Credit-card fraud result

Why this result matters

Credit-card fraud is a popular imbalanced anomaly-detection benchmark. It is a useful public example because users already understand the task, and because PR AUC and F1 are more informative than accuracy on rare fraud events.

Observed result

A local external run reported the following table.

Credit-card fraud external result

Method

Seconds

Precision

Recall

F1

ROC AUC

PR AUC

robustcov FastMCD

57.202

0.801

0.801

0.801

0.957

0.712

sklearn IsolationForest

3.392

0.262

0.262

0.262

0.948

0.143

sklearn EllipticEnvelope

12.518

0.213

0.213

0.213

0.920

0.125

sklearn LocalOutlierFactor

35.981

0.000

0.000

0.000

0.513

0.002

Plots

Credit-card fraud PR-AUC comparison

PR-AUC comparison. This metric is important for rare fraud because it focuses on precision/recall behavior under severe class imbalance.

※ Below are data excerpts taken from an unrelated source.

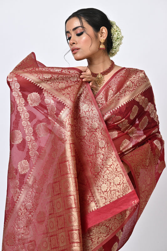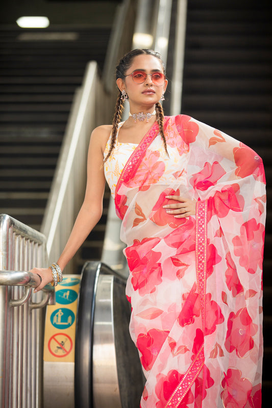Soft Pink Cotton Saree - Laal Par Gulaabi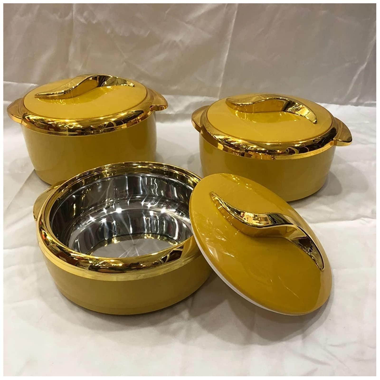 3pcs Set 1.5L 2L 2.5L Insulation Box Food Warmer Thermal Insulated Hot Pot Ramadan Event Lunch Box for Wedding Family Party (Color : Yellow)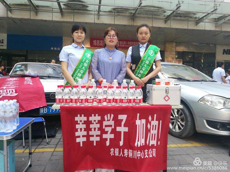 王益区“小个专”党群服务中心、王益区个体私营企业协会党支部联合其会员单位,陕西鑫远大药房医药连锁有限公司、农银人寿保险铜川中心支公司,职工放弃节假日,提前积极筹备,在局一中考点门前设立了服务站,为高考学子免费提供了消暑饮品和应急医药品。

Credit-card fraud F1 comparison

Thresholded F1 comparison at the same detected-count level.

Output from the run

method,seconds,precision,recall,f1,roc_auc,pr_auc,detected
robustcov FastMCD,57.2020,0.8008,0.8008,0.8008,0.9573,0.7121,492
sklearn IsolationForest,3.3915,0.2622,0.2622,0.2622,0.9475,0.1427,492
sklearn EllipticEnvelope,12.5178,0.2134,0.2134,0.2134,0.9199,0.1248,492
sklearn LocalOutlierFactor,35.9812,0.0000,0.0000,0.0000,0.5127,0.0021,492
saved outputs to results/external/credit_card_fraud

Interpretation

robustcov FastMCD was slower than IsolationForest in this run, but it produced a much stronger thresholded fraud-screening result and a much higher PR AUC. This is a good Kaggle/notebook story because the robust-distance score is interpretable and the metric gap is large.

How to reproduce

Download the credit-card fraud CSV manually, then run:

python examples_external/kaggle_credit_card_fraud.py \
  --data /path/to/creditcard.csv \
  --outdir results/external/credit_card_fraud

Outputs

The script writes:

  • metrics.csv;

  • pr_auc.png;

  • f1.png;

  • robust_score_profile.png;

  • summary.md.

Production note

This should be presented as an unsupervised screening score, not as a full competition-winning fraud pipeline. In supervised Kaggle settings, the robust score can also be used as a feature for gradient boosting or other classifiers.